## Exercise
Would you retype exactly the lines below, starting with the one that has "Λίγο νωρίτερα, αρκετές" and going on through the one that has "sagomato non compreso", with no pictures and nothing else?

## Data shown
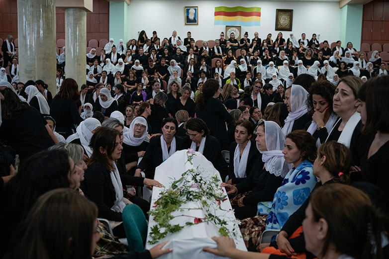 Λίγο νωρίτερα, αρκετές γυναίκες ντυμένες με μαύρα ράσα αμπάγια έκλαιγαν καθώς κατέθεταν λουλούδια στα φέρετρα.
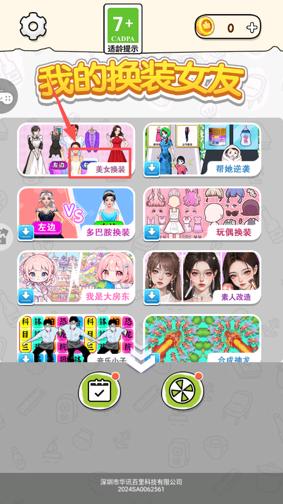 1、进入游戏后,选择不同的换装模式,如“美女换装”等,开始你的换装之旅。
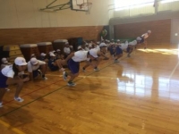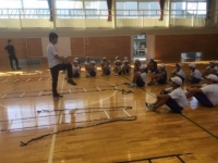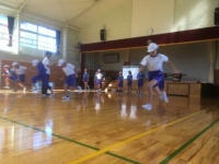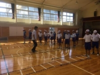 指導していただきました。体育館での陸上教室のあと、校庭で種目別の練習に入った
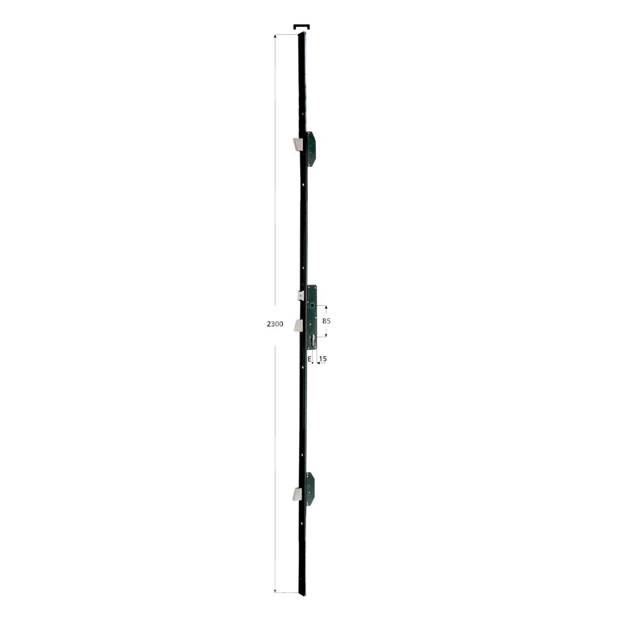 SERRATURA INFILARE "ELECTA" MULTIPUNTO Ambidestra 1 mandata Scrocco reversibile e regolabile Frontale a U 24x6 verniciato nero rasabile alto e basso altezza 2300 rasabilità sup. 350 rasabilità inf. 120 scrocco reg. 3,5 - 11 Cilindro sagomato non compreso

==

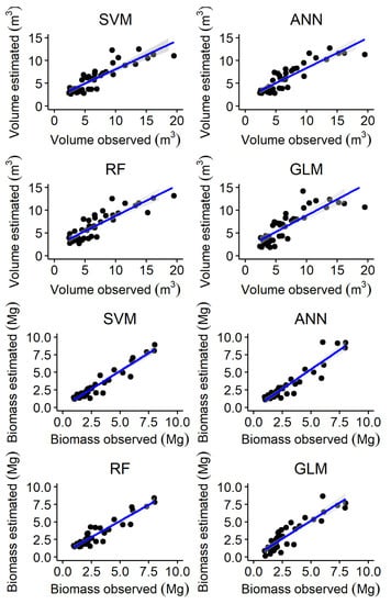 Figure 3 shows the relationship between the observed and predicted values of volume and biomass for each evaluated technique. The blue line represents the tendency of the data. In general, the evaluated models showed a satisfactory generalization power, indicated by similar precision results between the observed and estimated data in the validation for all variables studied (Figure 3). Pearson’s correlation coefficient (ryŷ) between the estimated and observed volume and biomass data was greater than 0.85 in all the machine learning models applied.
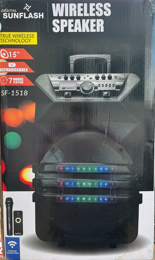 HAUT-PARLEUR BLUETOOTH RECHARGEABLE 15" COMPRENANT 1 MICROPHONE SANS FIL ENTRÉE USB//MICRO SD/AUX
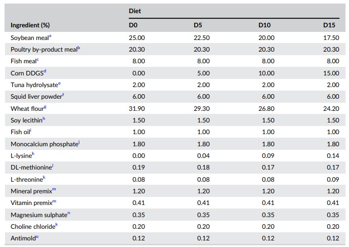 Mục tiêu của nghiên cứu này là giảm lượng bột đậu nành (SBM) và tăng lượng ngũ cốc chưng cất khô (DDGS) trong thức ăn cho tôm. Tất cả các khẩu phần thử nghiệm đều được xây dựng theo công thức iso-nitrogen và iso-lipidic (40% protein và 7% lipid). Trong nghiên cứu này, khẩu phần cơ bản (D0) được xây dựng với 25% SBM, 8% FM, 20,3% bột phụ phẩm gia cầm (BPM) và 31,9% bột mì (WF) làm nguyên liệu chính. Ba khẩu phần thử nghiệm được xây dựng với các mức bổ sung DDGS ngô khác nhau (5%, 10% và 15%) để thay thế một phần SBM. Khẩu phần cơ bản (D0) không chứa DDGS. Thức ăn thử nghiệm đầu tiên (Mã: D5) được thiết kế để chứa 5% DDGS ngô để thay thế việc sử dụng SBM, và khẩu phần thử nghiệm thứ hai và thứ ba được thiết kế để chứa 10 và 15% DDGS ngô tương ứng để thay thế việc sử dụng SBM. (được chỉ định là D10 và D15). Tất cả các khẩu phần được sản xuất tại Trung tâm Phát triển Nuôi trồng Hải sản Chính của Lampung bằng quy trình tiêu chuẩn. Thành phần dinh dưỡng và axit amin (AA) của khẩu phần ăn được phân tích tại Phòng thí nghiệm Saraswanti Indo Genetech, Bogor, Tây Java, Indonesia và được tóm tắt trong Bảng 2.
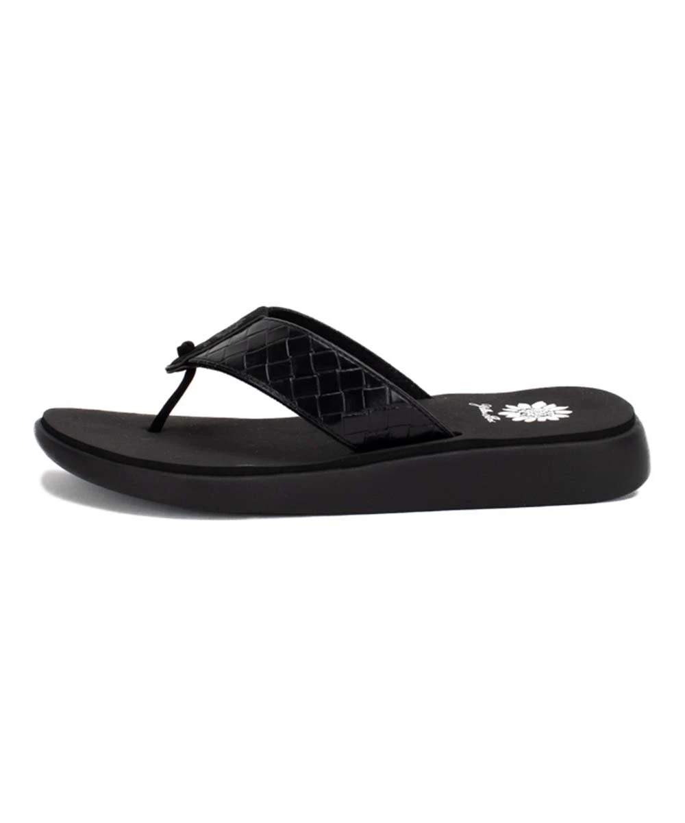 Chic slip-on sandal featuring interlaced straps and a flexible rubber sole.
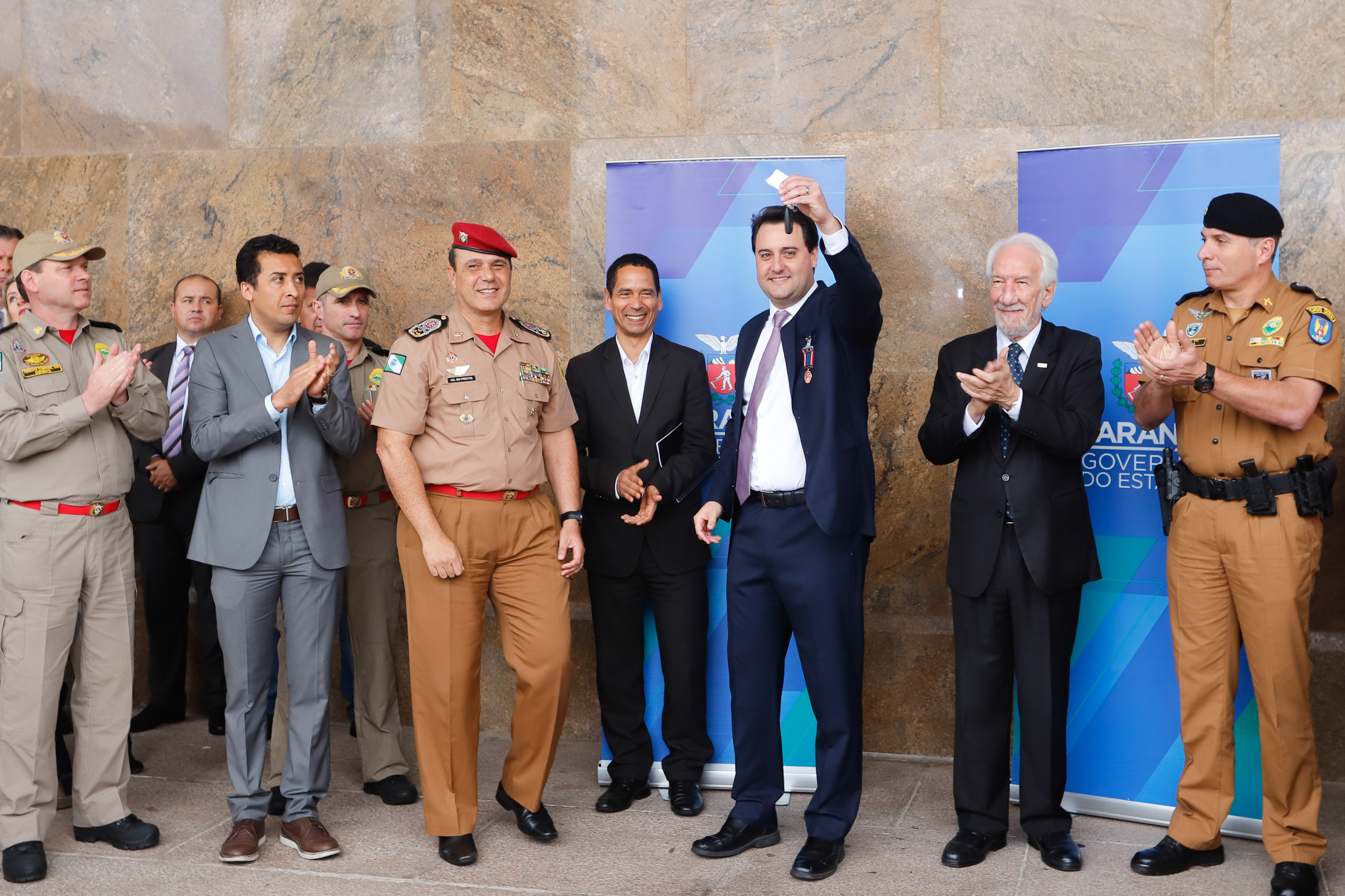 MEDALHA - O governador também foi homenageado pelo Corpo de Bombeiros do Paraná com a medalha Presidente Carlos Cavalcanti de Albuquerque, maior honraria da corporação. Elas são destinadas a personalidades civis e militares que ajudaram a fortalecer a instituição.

--

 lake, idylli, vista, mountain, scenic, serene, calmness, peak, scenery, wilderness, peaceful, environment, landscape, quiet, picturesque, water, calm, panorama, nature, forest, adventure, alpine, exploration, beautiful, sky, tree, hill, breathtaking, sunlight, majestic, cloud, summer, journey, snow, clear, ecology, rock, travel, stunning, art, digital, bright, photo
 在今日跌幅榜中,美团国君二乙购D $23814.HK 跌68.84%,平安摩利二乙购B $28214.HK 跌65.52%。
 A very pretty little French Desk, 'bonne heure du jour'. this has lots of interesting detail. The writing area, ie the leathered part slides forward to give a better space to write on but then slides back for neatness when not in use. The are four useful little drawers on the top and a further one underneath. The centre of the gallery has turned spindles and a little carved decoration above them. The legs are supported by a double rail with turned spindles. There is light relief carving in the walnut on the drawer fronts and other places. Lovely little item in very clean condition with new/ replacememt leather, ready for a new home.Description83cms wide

## Written reply
 Λίγο νωρίτερα, αρκετές γυναίκες ντυμένες με μαύρα ράσα αμπάγια έκλαιγαν καθώς κατέθεταν λουλούδια στα φέρετρα.
 1、进入游戏后,选择不同的换装模式,如“美女换装”等,开始你的换装之旅。
 指導していただきました。体育館での陸上教室のあと、校庭で種目別の練習に入った
 SERRATURA INFILARE "ELECTA" MULTIPUNTO Ambidestra 1 mandata Scrocco reversibile e regolabile Frontale a U 24x6 verniciato nero rasabile alto e basso altezza 2300 rasabilità sup. 350 rasabilità inf. 120 scrocco reg. 3,5 - 11 Cilindro sagomato non compreso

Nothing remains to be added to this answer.